Cape Town - Suspended Public Protector Busisiwe Mkhwebane has dismissed Parliament’s inquiry into her fitness to hold office as “a deliberate waste of taxpayers’ money” that should be terminated with immediate effect.
Mkhwebane was speaking at a media briefing she had called to spill the beans on the alleged attempt to extort her by the late ANC MP Tina Joemat-Petterson, section 194 inquiry chairperson Qubudile Dyantyi and ANC Chief Whip Pemmy Majodina.
At the live-streamed media briefing, Mkhwebane played audio recordings made by her husband, David Skosana, of Joemat-Pettersson allegedly soliciting a R600 000 bribe from him to “to make the inquiry disappear”.
Mkhwebane said Skosana accepted an invitation from Joemat-Petterson to meet at Ocean Basket, OR Tambo Airport, regarding the alleged extortion attempt.
Mkhwebane quoted what she said were Joemat-Petterson’s words to Skosana: “The courts are with Ramaphosa; the courts are with Ramaphosa.”
Mkhwebane said there were two recordings and 90 WhatsApp messages which she had shared with the police and the Hawks who have launched an investigation into the matter.
She said that in at least 10 of the WhatsApp messages from Joemat-Pettersson, the late MP had said there was a predetermined outcome for the inquiry.
Mkhwebane said as a result of these disclosures, the inquiry was “irretrievably and incurably tainted, poisoned and clearly driven by a predetermined outcome”.
As well as the termination of the inquiry, Mkhwebane repeated a list of demands she has made at various times, including that Dyantyi be removed pending the outcomes of the criminal investigation and the probe that was launched by Parliament’s
Ethics Committee.
She also wants Speaker Nosiviwe Mapisa-Nqakula to be suspended for refusing her request to arrange a meeting about the allegations of corruption.
Mkhwebane also wants the president to be called to account for abuse of power in implementing what she termed her illegal suspension and for the acting Public Protector to release the Phala Phala report by July 7.
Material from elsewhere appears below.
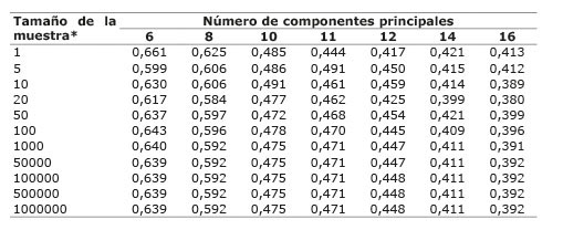 Table 5. Analysis of convergence for the statistic of standard error of prediction (SEP) in the principal components regression (PCR) model. Costa Rica. 2012.

She said that date would mark a year since the statutory deadline set in the Executive Members Ethics Act.
Reacting to Mkhwebane’s media briefing, Speaker Mapisa-Nqakula said that neither she nor Parliament would engage in public mudslinging “particularly when it involves ongoing investigations by various institutions, including Parliament”.
Mapisa-Nqakula said engaging in such would be “fruitless, counter-productive, and undermine the truth-seeking efforts of these institutions”.
She said it would also be showing lack of sensitivity and respect to Joemat-Pettersson’s bereaved family, who are still coming to terms with her death.
Meanwhile, as Mkhwebane was addressing the media, Dyantyi released the latest batch of correspondence between the committee and Mkhwebane’s lawyers following Friday’s committee meeting.
This includes a letter from RMT Attorneys, Mkhwebane’s personal lawyers (who are not on record in the Section 194 proceedings), requesting that Dyantyi voluntarily recuse himself from the committee proceedings.
Dyantyi has said he would not voluntarily recuse himself, as such a request asks him to abdicate his “parliamentary and constitutional obligations on the basis of no more than media reports and WhatsApp messages”.
Meanwhile, the Joint Committee on Ethics and Members’ Interests met late on Monday and received a briefing from the Acting Registrar of Members’ Interests, advocate Anthea Gordon, on the complaints laid by Mkhwebane against Joemat-Pettersson, Dyantyi, Majodina and Mapisa-Nqakula.
In a statement, the committee said: “The matter is on the ongoing agenda of the committee.”
The ethics committee also announced that four of its members who also serve on the inquiry committee had been recused to ensure that the process before it was fair, ethical, and conducted with integrity.